Animal instincts: A boy riding his buffalo on the outskirts of Ha Noi.
Asked whether he knew or ever came into contact with the famous Vietnamese painter Bui Xuan Phai, Ramsden said: “I was taken to visit Phai at his studio and was bowled over by what I found: wonderful paintings that really captured the poetry of Ha Noi’s old quarter. I was fascinated by his studio, a single room that was also the family home. Phai was a modest, warm-hearted man, always friendly, even when interrupted at work. But you could see at a glance that he was also a man of great substance, a brilliant artist who had overcome many difficulties to create a unique and splendid body of work.
“Then I visited quite often. Phai used to show his paintings and drawings. I used to bring him paint from Bangkok as well as things for the family that were unavailable in Ha Noi at that time.
“After I left Ha Noi, I lost touch with Phai – communication in those days was very difficult. But wherever we moved, I always had his portrait in our home along with two small paintings by him that I greatly treasure. It was wonderful to revisit Phai’s studio again after thirty years and see his family again,” he said.
Asked how he kept his photos and what happened to them, Ramsden said his photos were developed in Bangkok.
” I always felt that some of the very special atmosphere of Ha Noi in those days had found its way into the pictures. I had a few printed when I got back to London so I could show them to friends. I had one or two on the walls at home. But most of the negatives have never been printed.
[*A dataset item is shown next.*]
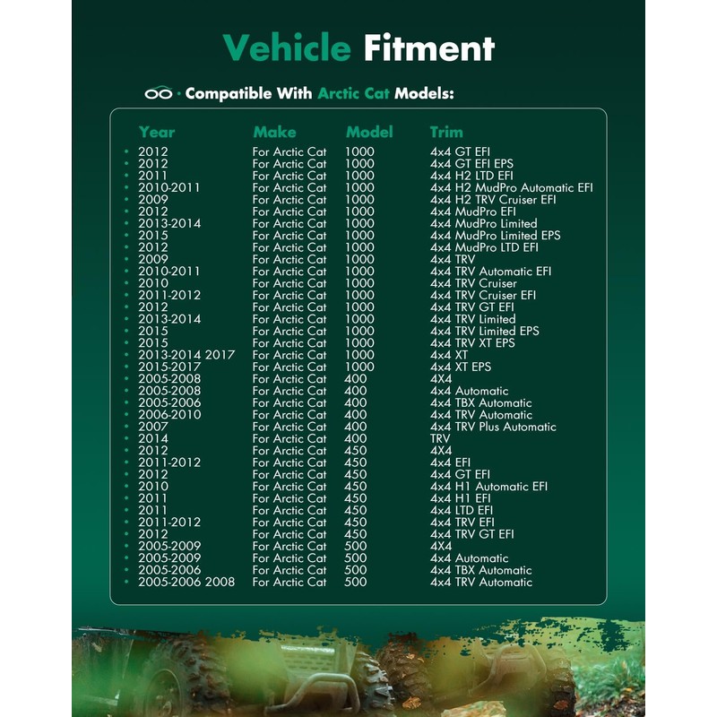 [Compatible Vehicles]: CV Axle 2009-2017 for Arctic Cat 1000,2005-2010 2014 for Arctic Cat 400,2010-2012 for Arctic Cat 450,2005-2009 for Arctic Cat 500,2009-2011 for Arctic Cat 550,2004-2011 for Arctic Cat 650,2006-2011 for Arctic Cat 700,2016-2017 for Arctic Cat MudPro 700

“In 2005, while I was working in Croatia, I showed my prints to the country’s leading photographer who liked them and arranged for a selection to be published in a magazine. Encouraged by this, I had a small exhibition at the Museum of East Asian Art in Bath, England, in 2010, to mark Ha Noi’s 1,000 year celebration.
“My career took me away from Asia and I never had the chance to show my photos to a Vietnamese audience. I wanted to meet people who had lived through the period and to hear what it was like for them – you must remember that when I was in Ha Noi direct contact with foreigners was very difficult and we had little chance to talk to people.
“Eventually, I was introduced to Vietpro, a group of 600 young Vietnamese professionals working in London; and KREU, a similar group of architects, designers and others working in creative industries. They responded very positively, and together we put on an exhibition in London in May. I greatly enjoy working with such talented and enthusiastic partners and watching as our project takes on a life of its own.”
When asked how he was storing and looking after his 1,800 photos and negatives, and if any of his collection was damaged or ageing, Ramsden said “The negatives are stored at home in folders. After all this time, some of them have small scratches, but I have now scanned the whole archive and any problems with dust can be dealt with digitally.”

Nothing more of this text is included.